----- Recorded data
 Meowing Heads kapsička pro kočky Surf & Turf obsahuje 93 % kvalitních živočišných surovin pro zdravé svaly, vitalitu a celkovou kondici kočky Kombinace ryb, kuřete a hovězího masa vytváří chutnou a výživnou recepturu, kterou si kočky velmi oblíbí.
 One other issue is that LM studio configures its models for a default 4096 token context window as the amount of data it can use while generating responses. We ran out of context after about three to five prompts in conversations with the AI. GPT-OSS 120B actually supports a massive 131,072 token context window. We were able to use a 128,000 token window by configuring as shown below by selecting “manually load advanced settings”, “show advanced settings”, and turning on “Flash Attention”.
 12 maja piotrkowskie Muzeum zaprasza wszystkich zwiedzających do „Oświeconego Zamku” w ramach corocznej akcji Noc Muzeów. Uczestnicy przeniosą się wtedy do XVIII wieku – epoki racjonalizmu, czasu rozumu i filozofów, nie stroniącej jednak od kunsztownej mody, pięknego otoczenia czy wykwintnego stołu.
----------
----- Recorded data
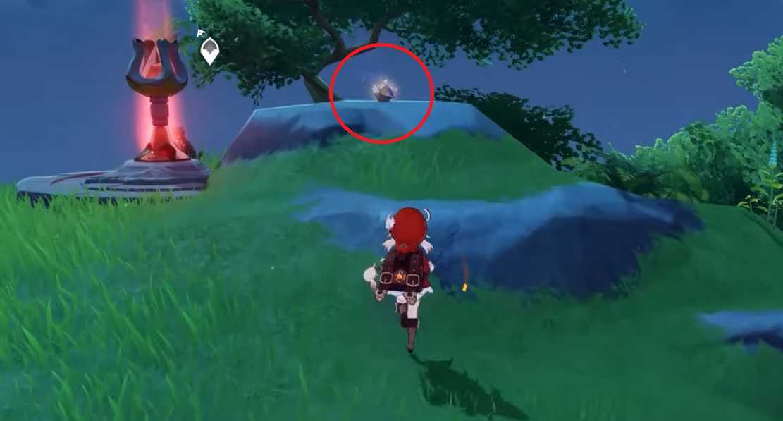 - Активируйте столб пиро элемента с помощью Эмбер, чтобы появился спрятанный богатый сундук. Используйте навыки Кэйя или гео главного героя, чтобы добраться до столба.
----------
----- Recorded data
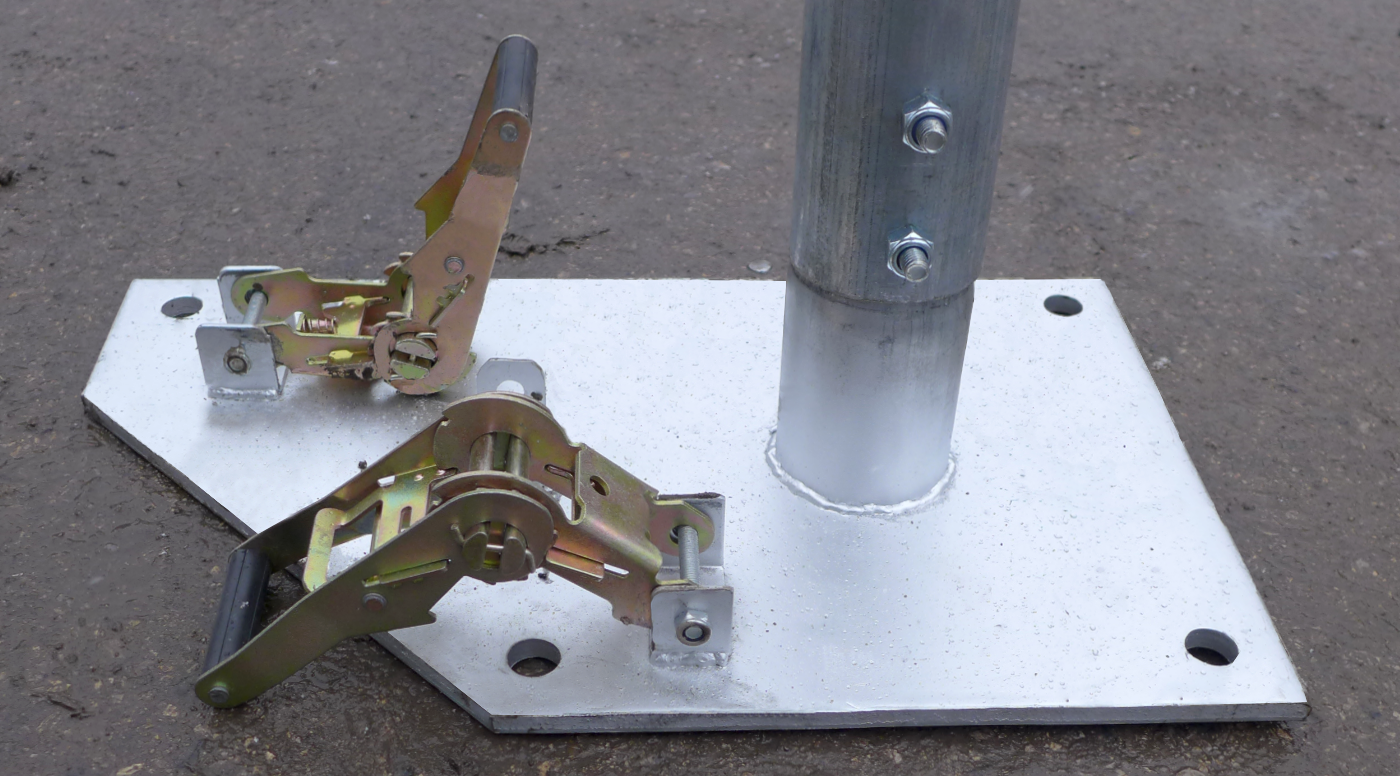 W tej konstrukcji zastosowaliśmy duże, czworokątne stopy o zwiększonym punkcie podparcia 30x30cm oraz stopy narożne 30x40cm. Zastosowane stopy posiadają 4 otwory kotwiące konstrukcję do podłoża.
----------
#### What to work on
Will you return exactly the lines above from the one with "Meowing Heads kapsička" down to the one with "12 maja piotrkowskie", counting both as part of the range?

#### Your response
 Meowing Heads kapsička pro kočky Surf & Turf obsahuje 93 % kvalitních živočišných surovin pro zdravé svaly, vitalitu a celkovou kondici kočky Kombinace ryb, kuřete a hovězího masa vytváří chutnou a výživnou recepturu, kterou si kočky velmi oblíbí.
 One other issue is that LM studio configures its models for a default 4096 token context window as the amount of data it can use while generating responses. We ran out of context after about three to five prompts in conversations with the AI. GPT-OSS 120B actually supports a massive 131,072 token context window. We were able to use a 128,000 token window by configuring as shown below by selecting “manually load advanced settings”, “show advanced settings”, and turning on “Flash Attention”.
 12 maja piotrkowskie Muzeum zaprasza wszystkich zwiedzających do „Oświeconego Zamku” w ramach corocznej akcji Noc Muzeów. Uczestnicy przeniosą się wtedy do XVIII wieku – epoki racjonalizmu, czasu rozumu i filozofów, nie stroniącej jednak od kunsztownej mody, pięknego otoczenia czy wykwintnego stołu.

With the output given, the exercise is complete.